RECORDED DATA:
——
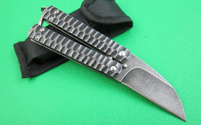 全 长:15cm 刃 长:5.8cm 柄 长:9cm 刃 宽:2.5cm(最宽处) 刃 厚:2.8mm 刃 材:7Cr17MOV 硬 度:58HRC 刀 柄:全钢扎纹 表 面:灰钛+石冼纹 重 量:140克 备 注:原厂白盒,外贸产品,质量保证
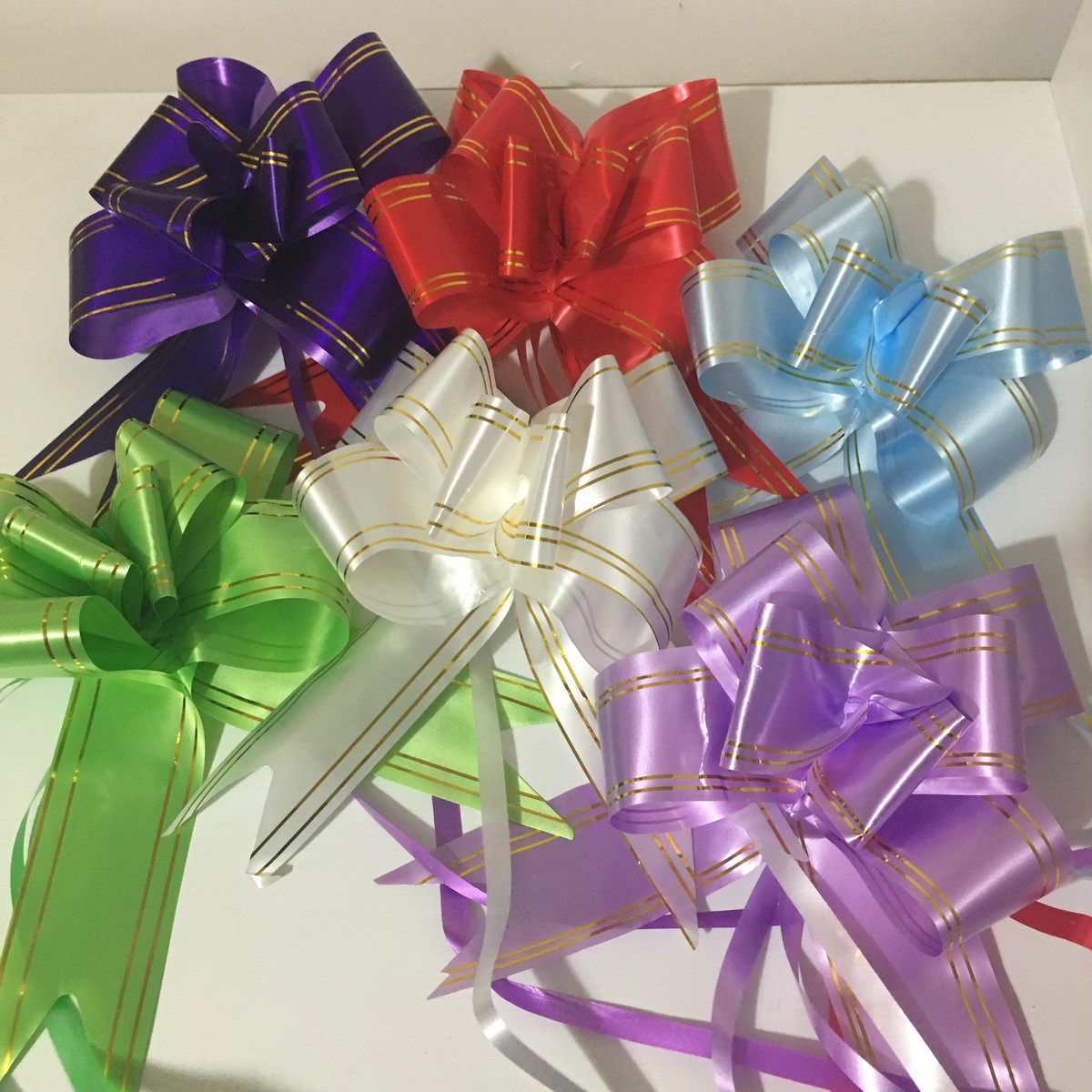 Laços de fita de plástico. Disponível em diversas cores, com filetes dourado nas laterias. Ideal para amarrar e decorar sacolas ou caixas para presentes.
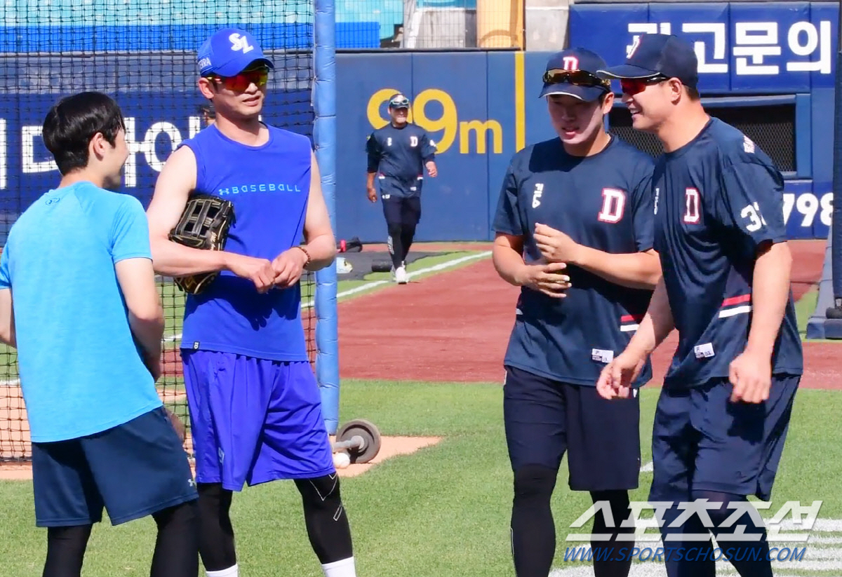 두산 허경민은 김지찬에게 다가가 한참 동안 대화를 나눴다. 김지찬의 방망이도 살펴보며 무럭무럭 상장하고 있는 김지찬이 대견스러운 듯 웃어 보였다.
——
PROBLEM TO WORK ON:
Take the line containing "Laços de fita" and all lines after it to the end of the data above, and reproduce them exactly, leaving out pictures. Nothing else belongs in the copy.

ANSWER BELOW:
 Laços de fita de plástico. Disponível em diversas cores, com filetes dourado nas laterias. Ideal para amarrar e decorar sacolas ou caixas para presentes.
 두산 허경민은 김지찬에게 다가가 한참 동안 대화를 나눴다. 김지찬의 방망이도 살펴보며 무럭무럭 상장하고 있는 김지찬이 대견스러운 듯 웃어 보였다.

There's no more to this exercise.